The eye turned from Pryn to Gorgik — the Liberator was looking down with the same questioning Pryn fancied on her own face.

‘She has a knife, master!’ Noyeed’s gappy gums opened over his words like a mask of Pryn’s own former fear: he looked as if he were avoiding a blow. ‘See — at her waist? The spy has a blade! I was only protecting your life, master — protecting it as I have protected it before, as I will always protect it!’

Pryn wanted to laugh and only waited for the Liberator’s great and generous laughter to release hers.

‘Very well then, Blue Heron.’ Gorgik did not laugh. ‘Take my gift, with your blade, into the south.’

Pryn jerked her arm from Noyeed’s grip. The little man, squatting at their feet, almost lost balance. She stepped back. The chain pulled from the Libertor’s hands. The astrolabe fell against her breasts.

‘No one can say for certain what confusion I give you.’ (Gorgik’s perturbation seemed far from her own. And where, a moment back, she had felt at one with him, a oneness inscribed in wonder and fear, now she felt only annoyance inscribed on more annoyance.) ‘Tomorrow I shall go to the High Court of Eagles for…the first time? Does anyone in this strange and terrible land ever go anywhere, without having been there before in myth or dream? The ministers with whom I shall confer will ask me a simple question. Beyond my campaign to free Nevèrÿon’s slaves, whom will I ally myself with next? Will I take up the cause of the workers who toil for wages only a step above slavery? Or will I take up the marginal workless who, without wages at all, live a step below? Shall I ally myself with those women who find themselves caught up, laboring without wages, for the male population among both groups? For they are, all of them — these free men and women — caught in a freedom that, despite the name it bears, makes movement through society impossible, that makes the quality of life miserable, that allows no chance and little choice in any aspect of the human not written by the insertion or elision of the sign for production.

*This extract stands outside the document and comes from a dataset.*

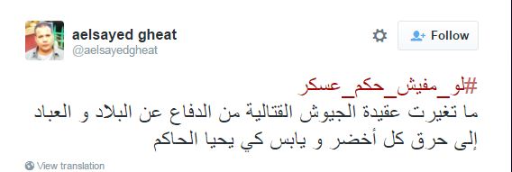 aelsayed gheat: “ما تغيرت عقيدة الجيوش القتالية من الدفاع عن البلاد والعباد إلى حرق كل أخضر ويابس كي يحيا الحاكم”.
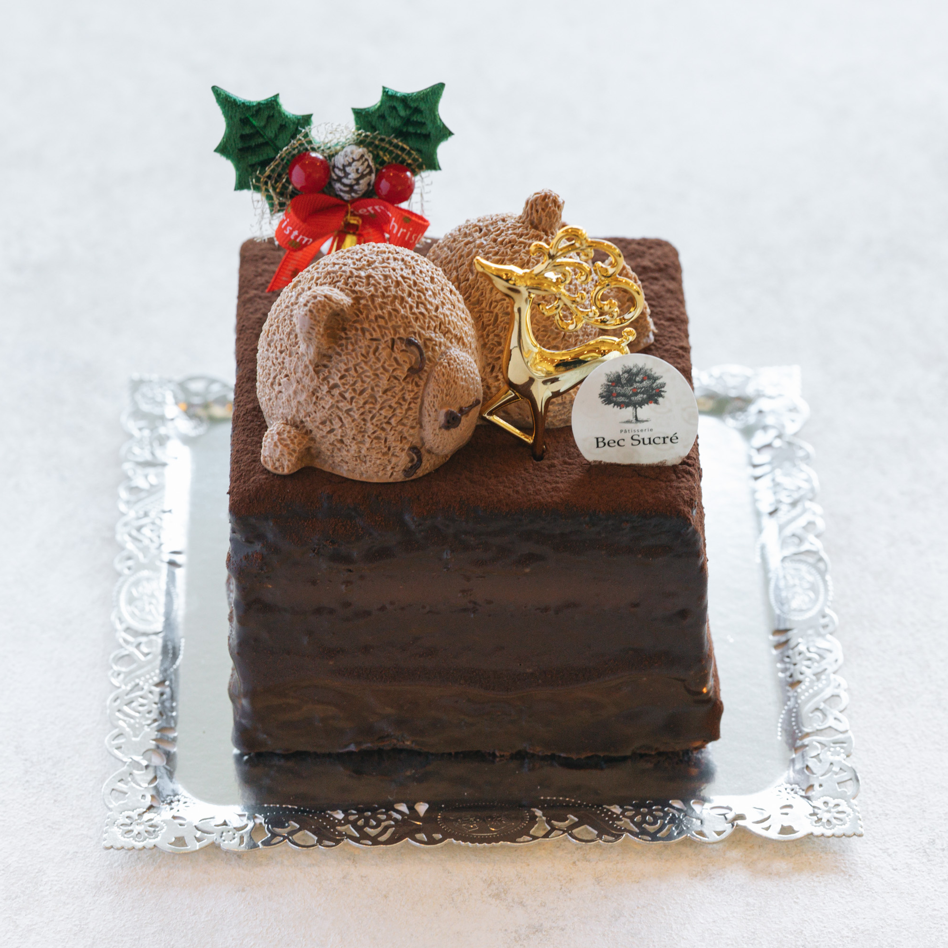 「石畳」を意味するパヴェ。人気のチョコレートケーキに寝ているくまさん(ムースショコラ)をデコレーション。

This is what Lord Krodar will ask me. And I shall answer…’

Balancing on the balls of her feet, Pryn felt as unsteady as little Noyeed, crouched and blinking, looked.

‘I shall answer that I do not know.’ Gorgik’s hand found the little man’s shoulder; the horny forefinger hooked again over the collar. Noyeed, at any rate, seemed steadied. ‘I shall say that, because I spent my real youth as a real slave in your most real and royal obsidian mines, the machinery of my desire is caught up within the working of the iron hinge. Slavery is, for me, not a word in a string of words, wrought carefully for the voice that will enunciate it for the play of glow and shade it can initiate in the playful mind. I cannot tell this minister what slavery means, for me, beyond slavery — not because desire clouds my judgment, but because I had the misfortune once to be a slave.’

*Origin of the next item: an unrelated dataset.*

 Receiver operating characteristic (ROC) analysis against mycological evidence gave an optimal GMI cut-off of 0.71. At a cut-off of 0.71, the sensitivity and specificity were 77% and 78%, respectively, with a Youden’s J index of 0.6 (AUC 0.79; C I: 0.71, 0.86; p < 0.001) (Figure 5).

Elation triumphed over all fear; annoyance was gone. And joy seemed a small thing to sacrifice before what Pryn suddenly recognized as the absolute freedom of the real, a freedom that, in its intensity, had only been intimated by the truth of dragons.

She turned, started for the archway —

‘Where are you going…?’ which was the one-eyed bandit.

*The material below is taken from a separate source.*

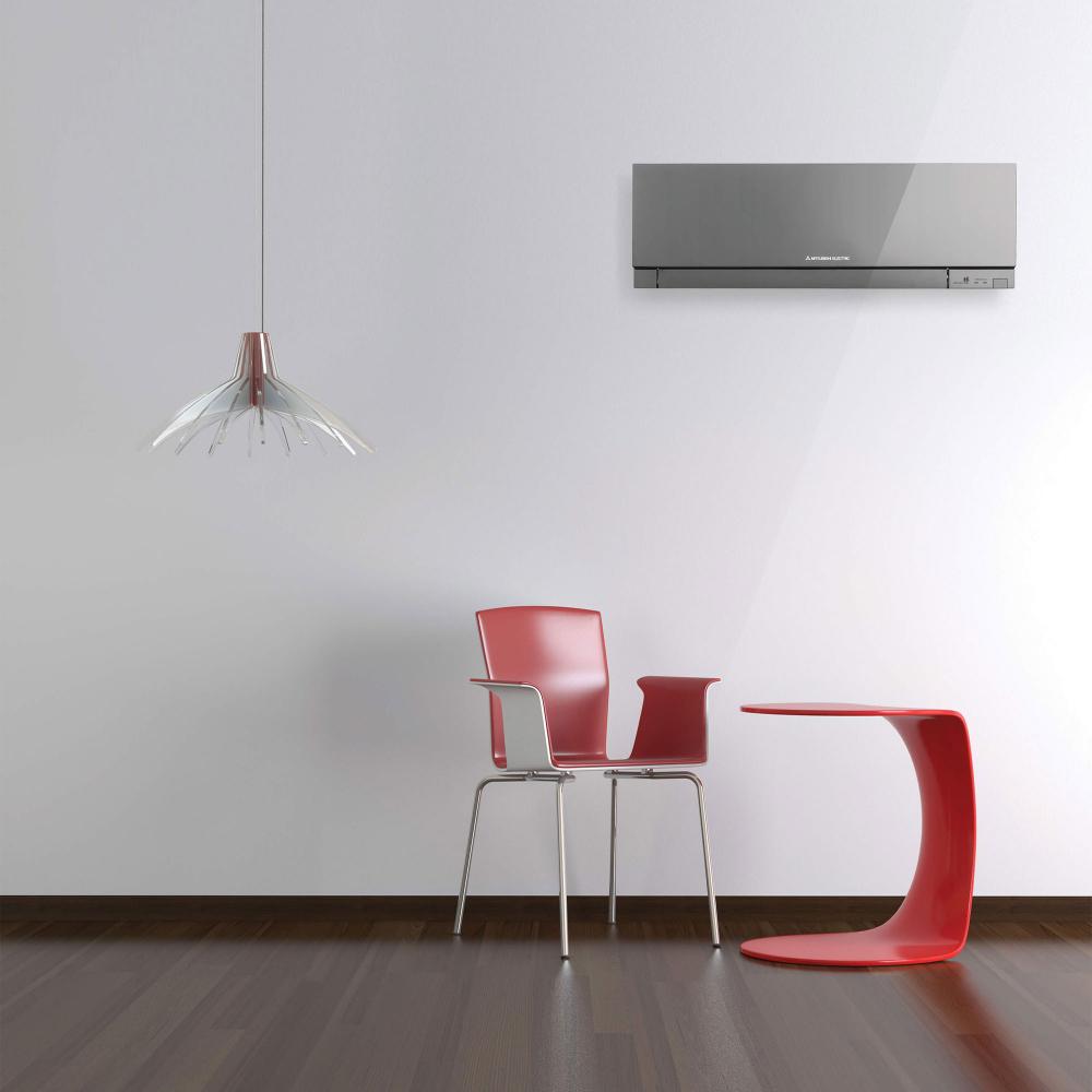 La serie MSZ-EF Kirigamine Zen es la unidad más elegante de toda la gama. Su diseño de panel plano con acabado brillante la convierte en una unidad sobria y moderna que armoniza cualquier decoración. Está disponible en 3 colores, blanco, plata y negro, para poder realizar una instalación personalizada a los gustos de cada persona.

‘To the south!’ Pryn called.

Gorgik laughed.

And Pryn ran through moon-slashed rooms, down leaf-loud steps, across the unroofed court. Climbing through the window, she laughed to be leaving by the way she’d entered because of something so indistinguishable from habit when one was this free that habit seemed…But she did not know what it seemed; and crashed through grass and garden brambles, rushed by a stifled fountain, pushed back branches at the wall, felt along stone for the opening, found it, wedged herself into darkness —

Her shift snagged as she slid by rock. She pulled — and heard something tear. Still, she managed to get one arm out, then her head —

‘Give me my knife!’

Fingers grappled her hair; and her arm, yanking.